Mengenai kemunculan syiah dalam sejarah terdapat perbedaan pendapat dikalangan
para ahli. Ada yang mengatakan syiah muncul pada masa khalifah Utsman bin
Affan, ada juga yang mengatakan syiah muncul ketika peperangan siffin terjadi
yang kemudian terpecah menjadi dua kelompok salah satunya adalah yang mendukung
khalifah Ali bin Abi Thalib.
Sebelum masuk jauh ke dalam pembagian Syi’ah, maka ada baiknya kita
usut terlebih dahulu asal-muasal lahirnya madzhab terbesar kedua di dunia
setelah Ahlus Sunnah ini. Ada cukup banyak literatur yang secara subjektiv
menuduh bahwa Syi’ah berasal dari tokoh Abdullah bin Saba’ yang membawa teologi
atau pengaruh Yahudi ke dalam tubuh Syi’ah sendiri. Hal ini tentu akan sangat
riskan terhadap pemahaman tentang ajaran ini ke depannya. Sebab, banyak
kalangan yang menilai bahwa Syi’ah adalah bagian dari Yahudi.
B.
Rumusan Masalah
1.
Apa pengertian Syi’ah itu?
2.
Bagaimana latar belakang kemunculan aliran Syi’ah?
3.
Siapa sajakah tokoh-tokoh Syi’ah?
4.
Apa saja sekte-sekte dan ajaran aliran Syi’ah?
5.
Bagaimanakah refleksi aliran Syi’ah untuk konteks kekinian?
C.
Tujuan
1.
Untuk mengetahui bagaimana latar belakang kemunculan aliran Syi’ah
2.
Untuk mengetahui pokok-pokok ajaran beserta
tokoh-tokohnya
3.
Untuk mengetahui dan menjelaskan sekte-sekte dan ajaran aliran Syi’ah
4.
Untuk mengetahui dan menjelaskan refleksi aliran Syi’ah untuk
konteks kekinian
BAB II
PEMBAHASAN
A. Pengertian Syi'ah
Syi’ah ialah
salah satu aliran atau mazhab dalam Islam. Syi'ah menolak kepemimpinan dari
tiga Khalifah Sunni pertama seperti juga Sunni menolak Imam dari Imam Syi'ah.

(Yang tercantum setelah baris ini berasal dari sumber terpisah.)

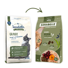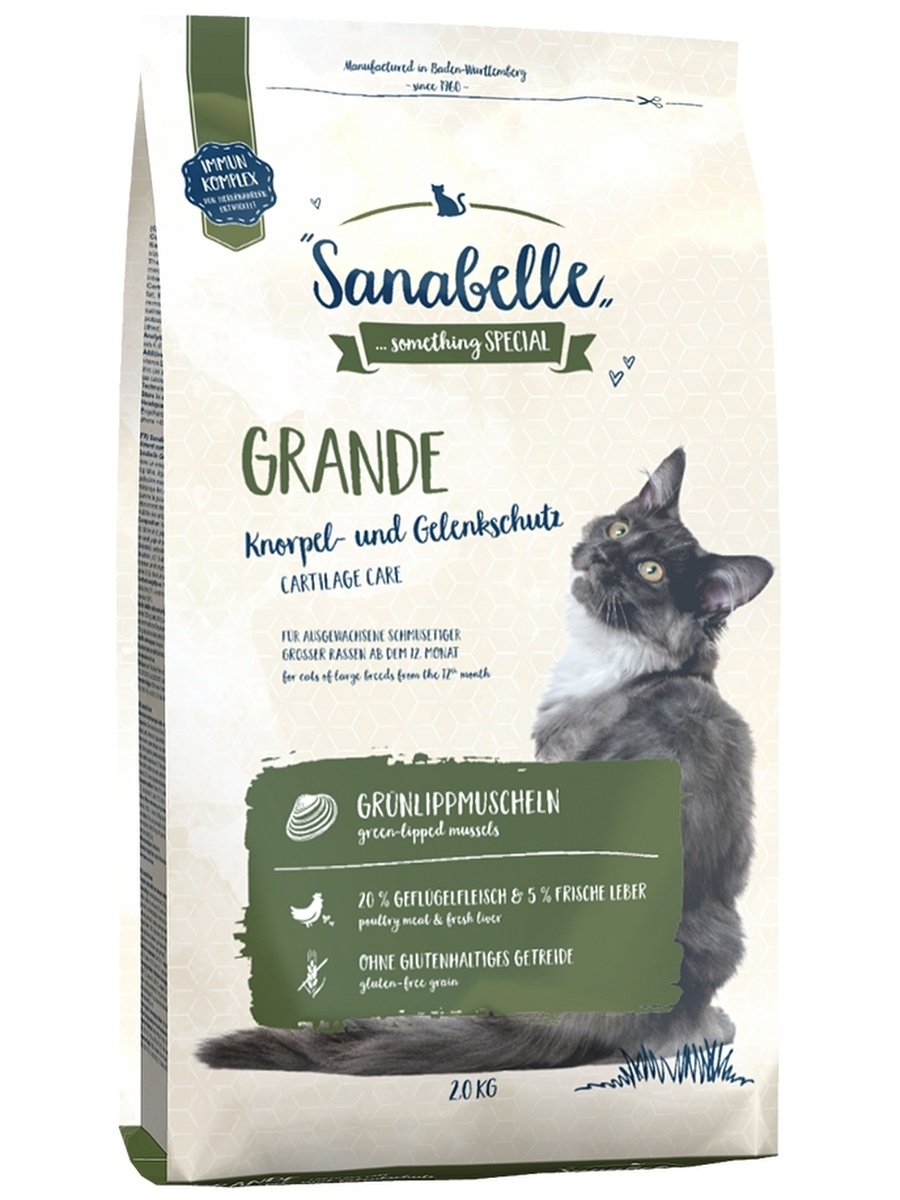 Корм Bosch Sanabelle GRANDE произведён на основе свежего мяса домашней птицы для взрослых кошек крупных пород. Состав корма, насыщенный питательными веществами и минералами, позволяет кошкам получать все необходимые элементы, способствует нормализации пищеварения и не вызывает аллергий. Корм легко усваивается и даёт кошкам заряд бодрости и энергии. Высокое качество ингредиентов даёт корму насыщенный и выдающийся вкус. Использование экстракта зеленогубчатого моллюска благотворно влияет на развитие хрящей и суставов животного. Особая форма и размер крокета специально разработаны для кошек крупных пород. Содержит в 4 раза больше витамина Е, который  оказывает антиоксидантное действие в обмене веществ и предотвращает некрозы в  печени. Содержание здесь Биотина почти в два раза больше чем в обычных кормах линейки Sanabelle, он препятствует выпадению шерсти и предупреждает преждевременное поседение. Так же этот элемент способствует прочности сухожилий и связок, уменьшению мышечной боли у взрослых кошек.

Bentuk tunggal dari Syi'ah adalah Syi'i menunjuk kepada pengikut dari Ahlul
Bait dan Imam Ali. Sekitar 90% umat Muslim sedunia merupakan kaum Sunni, dan
10% menganut aliran Syi'ah.
Istilah Syi'ah berasal dari kata Bahasa Arab Syī`ah. Bentuk
tunggal dari kata ini adalah Syī`ī . "Syi'ah"
adalah bentuk pendek dari kalimat bersejarah Syi`ah `Ali artinya "pengikut
Ali", yang berkenaan tentang Q.S. Al-Bayyinah ayat khoirulbariyyah, saat
turunnya ayat itu Nabi SAW bersabda: "Wahai Ali, kamu dan pengikutmu
adalah orang-orang yang beruntung" (ya Ali anta wa syi'atuka humulfaaizun)
Syi'ah menurut etimologi bahasa Arab bermakna: pembela dan
pengikut seseorang. Selain itu juga bermakna: Setiap kaum yang berkumpul di
atas suatu perkara.Adapun menurut terminologi syariat bermakna: Mereka yang
menyatakan bahwa Ali bin Abi Thalib sangat utama di antara para sahabat dan
lebih berhak untuk memegang tampuk kepemimpinan kaum muslimin, demikian pula
anak cucunya sepeninggal beliau.[1]
Syi'ah, dalam sejarahnya mengalami beberapa pergeseran. Seiring dengan
bergulirnya waktu, Syi'ah mengalami perpecahan sebagaimana Sunni juga mengalami
perpecahan mazhab.
Muslim Syi'ah percaya bahwa Keluarga Muhammad (yaitu para
Imam Syi'ah) adalah sumber pengetahuan terbaik tentang Qur'an dan Islam, guru
terbaik tentang Islam setelah Nabi Muhammad SAW, dan pembawa serta penjaga
tepercaya dari tradisi Sunnah.
Secara khusus, Muslim Syi'ah berpendapat bahwa Ali bin Abi
Thalib, yaitu sepupu dan menantu Nabi Muhammad SAW dan kepala keluarga Ahlul
Bait, adalah penerus kekhalifahan setelah Nabi Muhammad SAW, yang berbeda
dengan khalifah lainnya yang diakui oleh Muslim Sunni. Muslim Syi'ah percaya
bahwa Ali dipilih melalui perintah langsung oleh Nabi Muhammad SAW, dan
perintah Nabi berarti wahyu dari Allah.[2]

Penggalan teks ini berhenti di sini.